# Optical Forums > Optical and Ophthalmic Equipment >  Help Replacing Bench Polishing Wheel and Rouge

## icare

I've be using one polishing wheel and a pack of rouge sticks for 20 years. That's how rarely we edge polish. Recently my son decided to polish some metal car parts on it! ...and stained the pad beyond lens use.  My original 4" wheel (after misuse) and rouge are pictured.  I'm trying to find suitable replacements.

I polish CR-39, poly, 1.60 and 1.67.  No glass and no Trivex as of now.

I see so many types of wheels available that I'm stumped, including:
Dixel Cotton Flannel Buff
Solid Felt Buff
Soft Felt Buff
Woven Yarn Buff
Muslin Berry Buff
Dixel Unbleached Muslin
Super Buff
Dixel Extra Fine
Dixel Yellow Treated

I see rouge in:
White, red, yellow, blue, Zam, Wonderbar and green.

Can someone please advise me which wheel is best suited as a replacement - and which rouge I should get for the future?  I attached some available types from Hilco and Optisource.
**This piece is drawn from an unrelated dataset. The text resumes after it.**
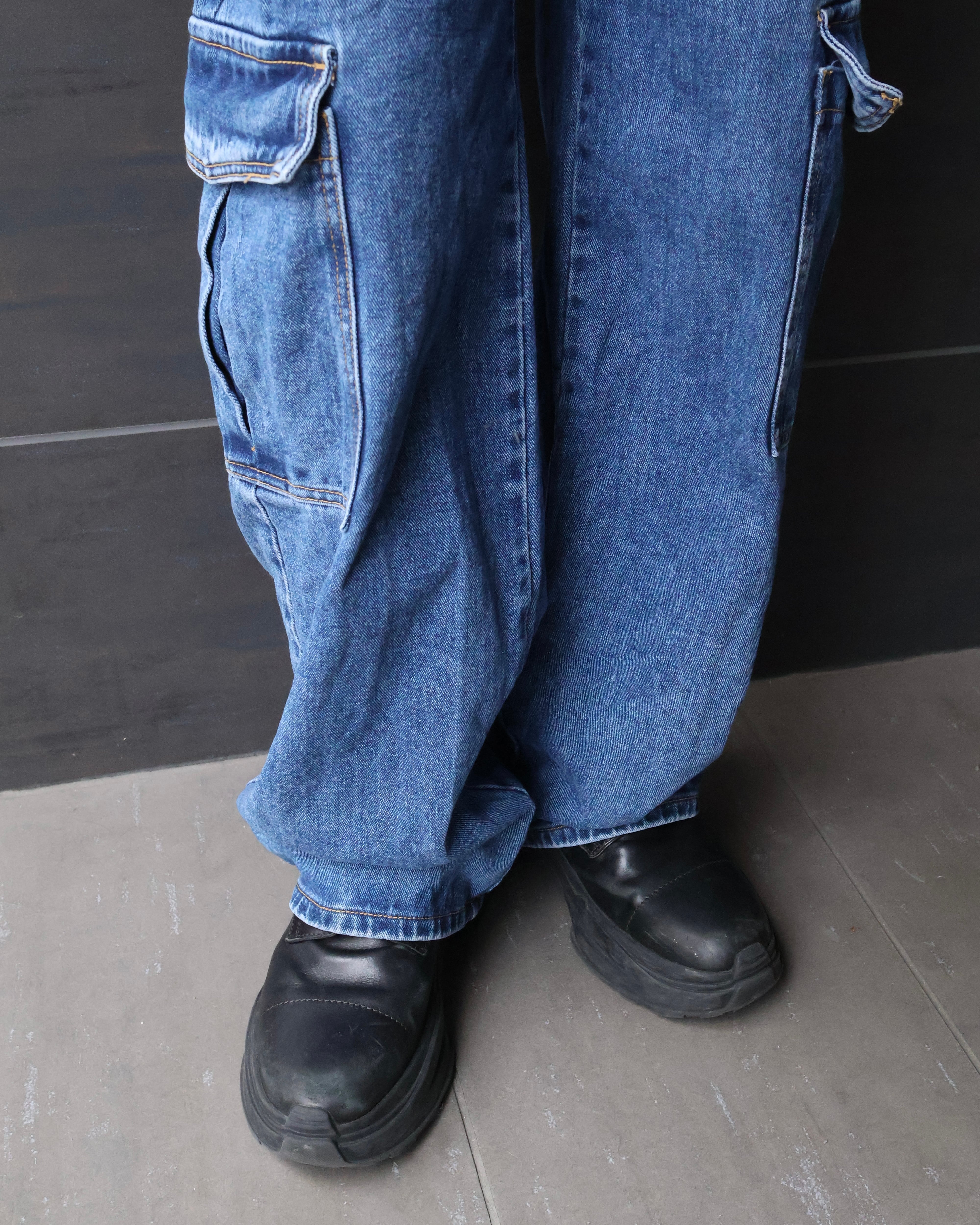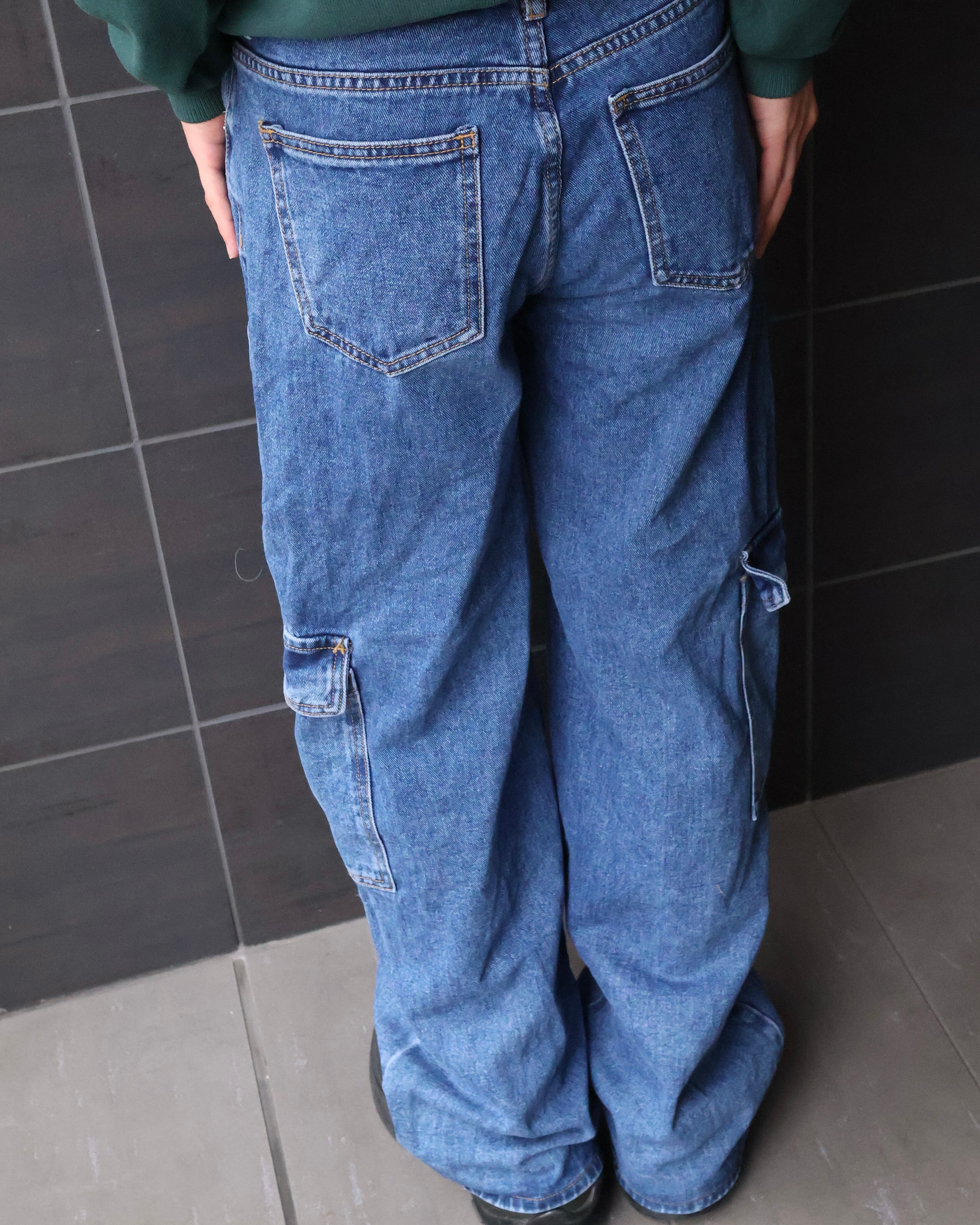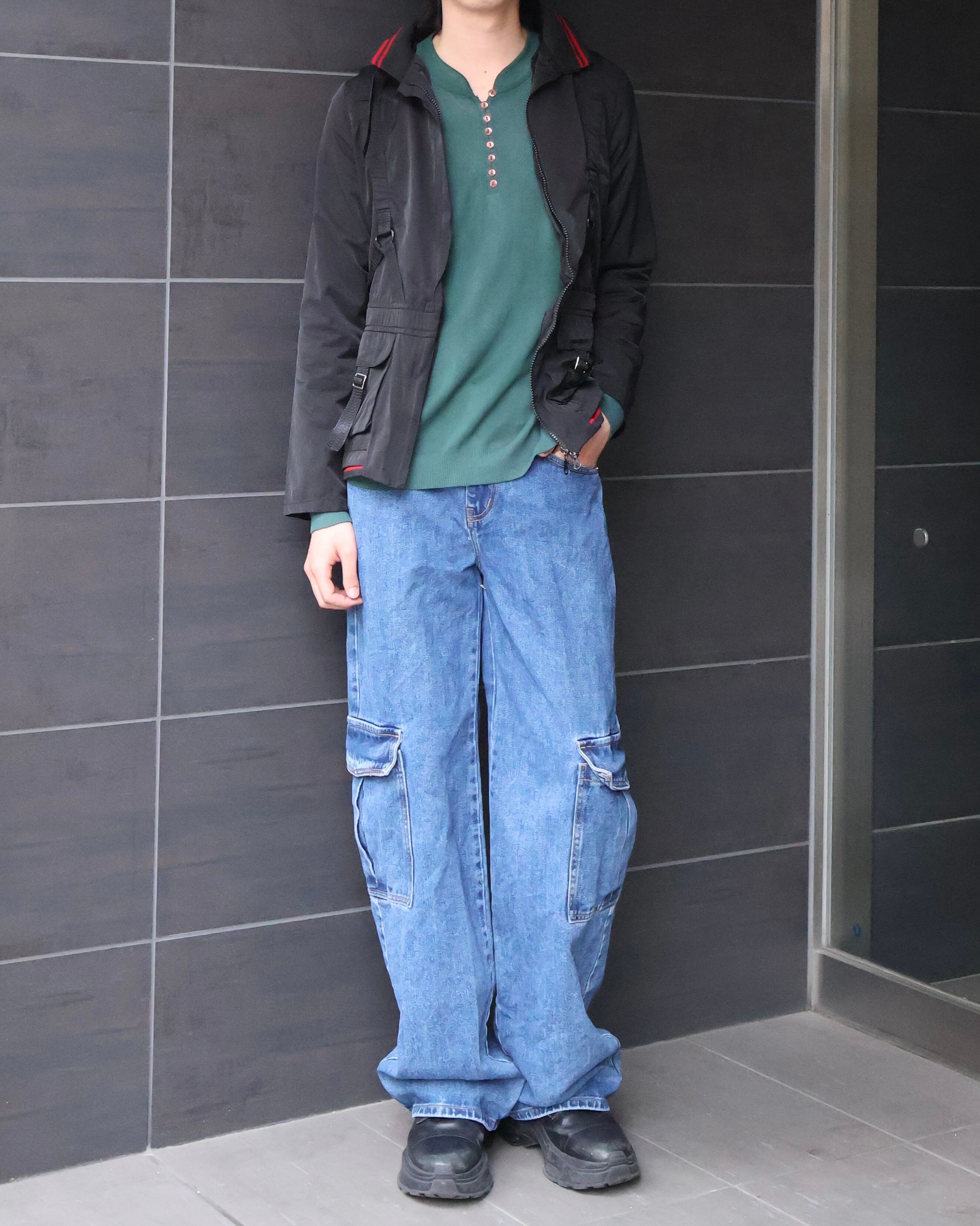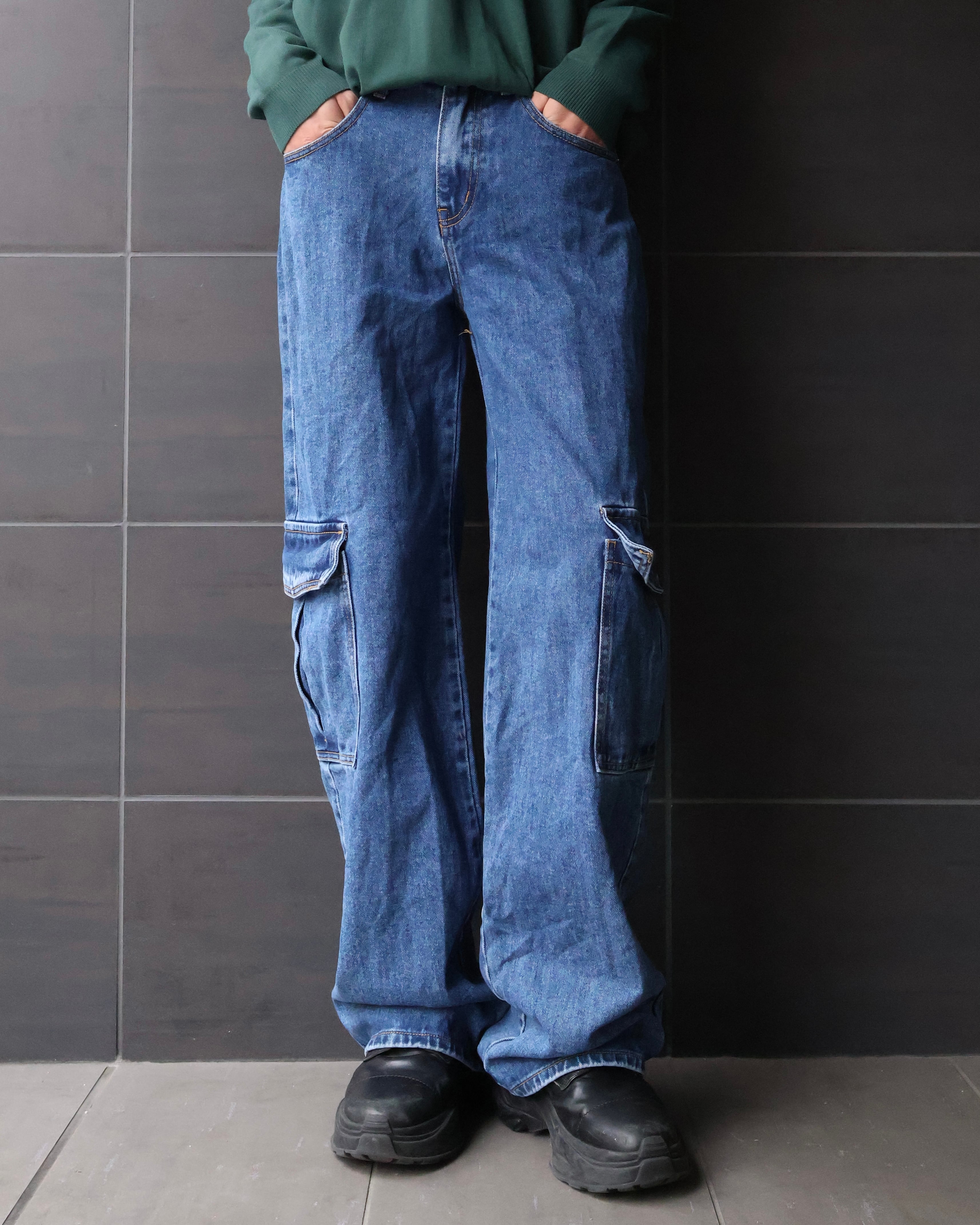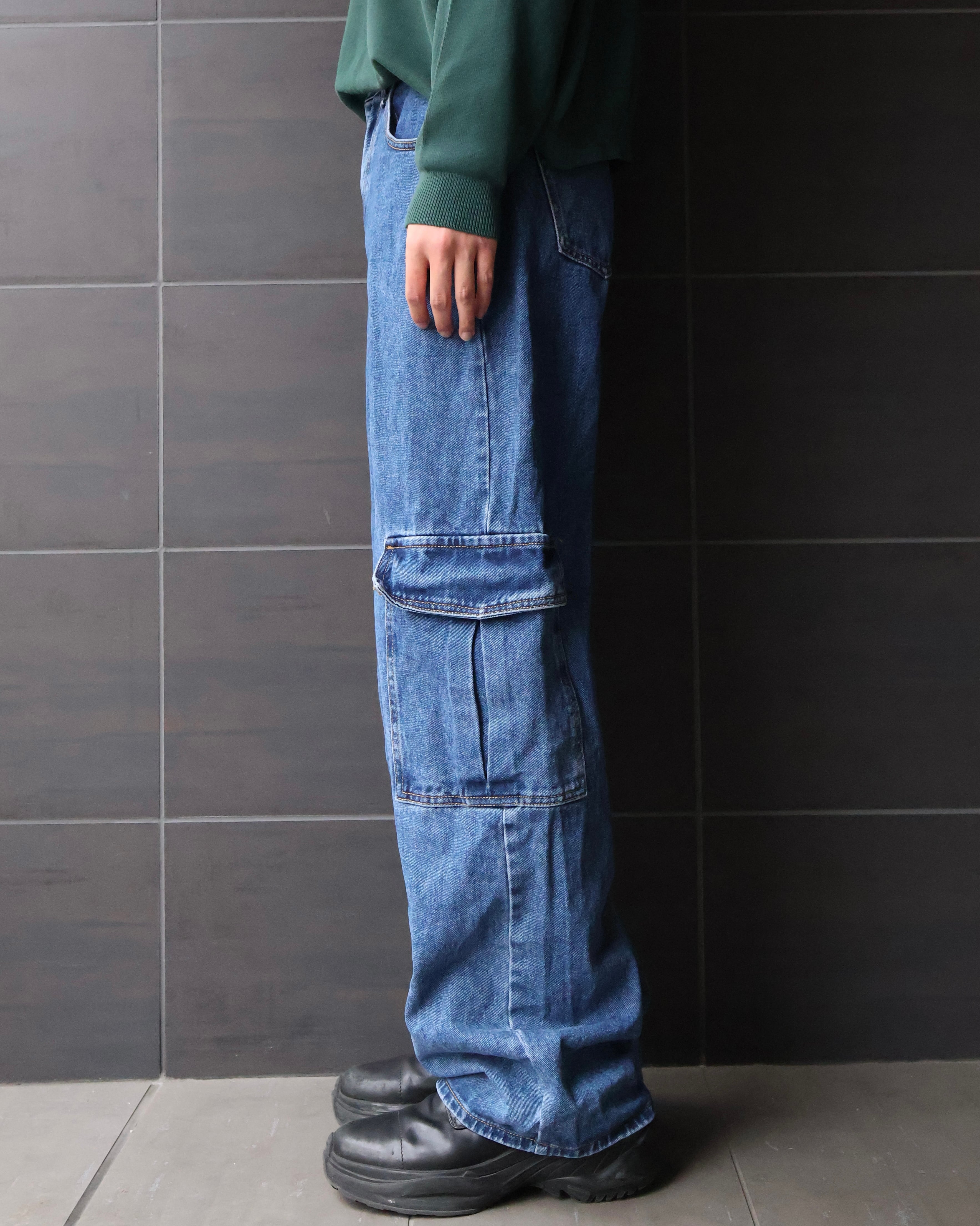 綺麗なシルエットのカーゴディテールデニムパンツ。カーゴのイメージとは裏腹に、シルエットの綺麗さも相まってクリーンにも着用できるデニムパンツ。色も朴訥としており、シンプルなコーデに馴染むような素朴な佇まいが魅力。ウエストのサイズ感もスッキリめで、野暮ったくならないデニムをお探しの方におすすめ。

Thanks for your advice. Really appreciate your expertise!

----------


## lensmanmd

If you are using a wet edger with polish functionality, the cotton muslin is what you might want to use.  From your picture, that is what it looks like your son damaged.  Cotton flannel will work as well, since all you need is to add some luster.  White rouge will be my choice for that.  
If your edges are rough, then a solid felt will work with the Wonderbar to smooth the edges and get rid of the rough spots.  Be careful though, felt is very aggressive and will melt Poly, and will remove stock.  Afterwards, a quick spin on the cotton buff will shine the edges.  
Others may have their preferences that vary from mine.

----------